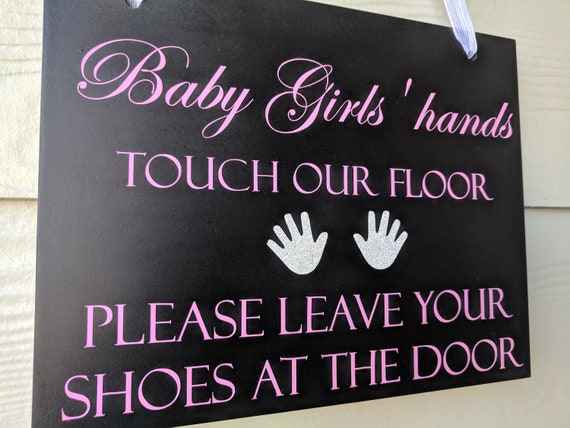 Amazon Com Little Fingers Baby Front Door Sign Please Take Your Shoes Off Sign Baby Shower Gift Handmade
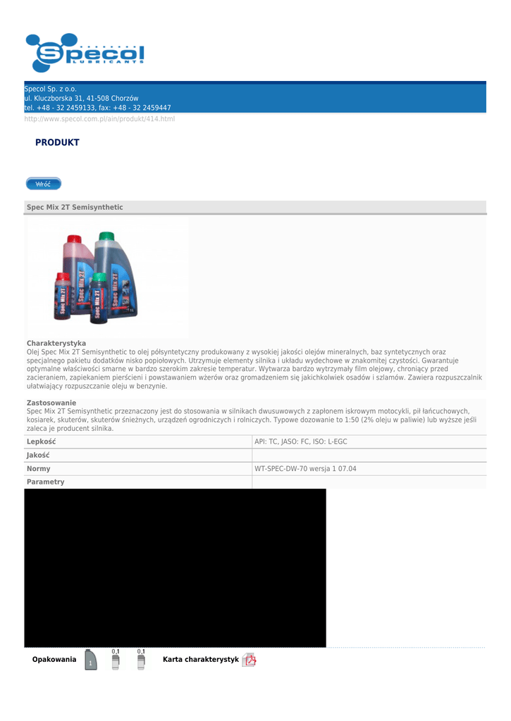 Specol Sp. z o.o. ul. Kluczborska 31, 41-508 Chorzów tel. +48 - 32 2459133, fax: +48 - 32 2459447 http://www.specol.com.pl/ain/produkt/414.html PRODUKT Spec Mix 2T Semisynthetic Charakterystyka Olej Spec Mix 2T Semisynthetic to olej półsyntetyczny produkowany z wysokiej jakości olejów mineralnych, baz syntetycznych oraz specjalnego pakietu dodatków nisko popiołowych. Utrzymuje elementy silnika i układu wydechowe w znakomitej czystości. Gwarantuje optymalne właściwości smarne w bardzo szerokim zakresie temperatur. Wytwarza bardzo wytrzymały film olejowy, chroniący przed zacieraniem, zapiekaniem pierścieni i powstawaniem wżerów oraz gromadzeniem się jakichkolwiek osadów i szlamów. Zawiera rozpuszczalnik ułatwiający rozpuszczanie oleju w benzynie. Zastosowanie Spec Mix 2T Semisynthetic przeznaczony jest do stosowania w silnikach dwusuwowych z zapłonem iskrowym motocykli, pił łańcuchowych, kosiarek, skuterów, skuterów śnieżnych, urządzeń ogrodniczych i rolniczych. Typowe dozowanie to 1:50 (2% oleju w paliwie) lub wyższe jeśli zaleca je producent silnika. Lepkość API: TC, JASO: FC, ISO: L-EGC Jakość Normy WT-SPEC-DW-70 wersja 1 07.04 Parametry PARAMETRY Spec Mix 2T - lepkość kinematyczna w temperaturze 100 oC, mm2/s 9,0 - wskaźnik lepkości 149 - temperatura płynięcia, oC -40 - temperatura zapłonu, oC 80 - popiół siarczanowy, % 0,2 - zawartość wody, % Nie zawiera - zawartość ciał obcych, % Nie zawiera Uwaga: Powyższe wartości parametrów fizyko-chemicznych są wartościami typowymi. Wartości rzeczywiste są umieszczane na orzeczeniach laboratoryjnych dołączonych do każdej partii produktu. Opakowania Karta charakterystyk
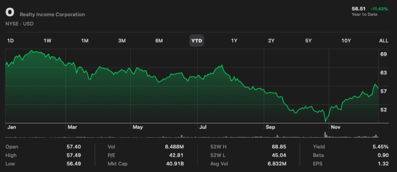 주가는 1주당 $56.51이며, 투자 수익률은 20.82%이고, 연간 배당금은 5.45% 입니다~!
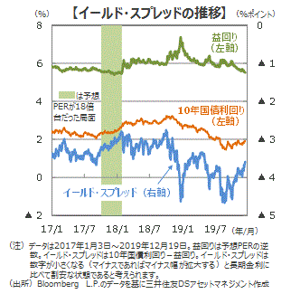 ■今回の予想PER18倍台は低金利が支えていると言えそうですが、今後はやはり業績の改善が重要です。業績予想の改善度合いを示すリビジョン・インデックスを見ると、2017年当時はプラス圏に浮上し、株価を下支えしました。現在(12月12日、4週間移動平均)は▲12.9で改善途上にあります。景況感の改善が強まり、増益期待が高まることによって、リビジョン・インデックスのプラス転換も可能です。米中の部分合意が円滑に履行され、業績の好転を伴えば、米国株式市場は予想PER18倍台を維持できると考えられます。

- - -

Brief:
Output nothing but the lines from the line with "주가는 1주당 $56.51이며, 투자" through the last line of the material above, please, word for word and without the pictures.

Response:
 주가는 1주당 $56.51이며, 투자 수익률은 20.82%이고, 연간 배당금은 5.45% 입니다~!
 ■今回の予想PER18倍台は低金利が支えていると言えそうですが、今後はやはり業績の改善が重要です。業績予想の改善度合いを示すリビジョン・インデックスを見ると、2017年当時はプラス圏に浮上し、株価を下支えしました。現在(12月12日、4週間移動平均)は▲12.9で改善途上にあります。景況感の改善が強まり、増益期待が高まることによって、リビジョン・インデックスのプラス転換も可能です。米中の部分合意が円滑に履行され、業績の好転を伴えば、米国株式市場は予想PER18倍台を維持できると考えられます。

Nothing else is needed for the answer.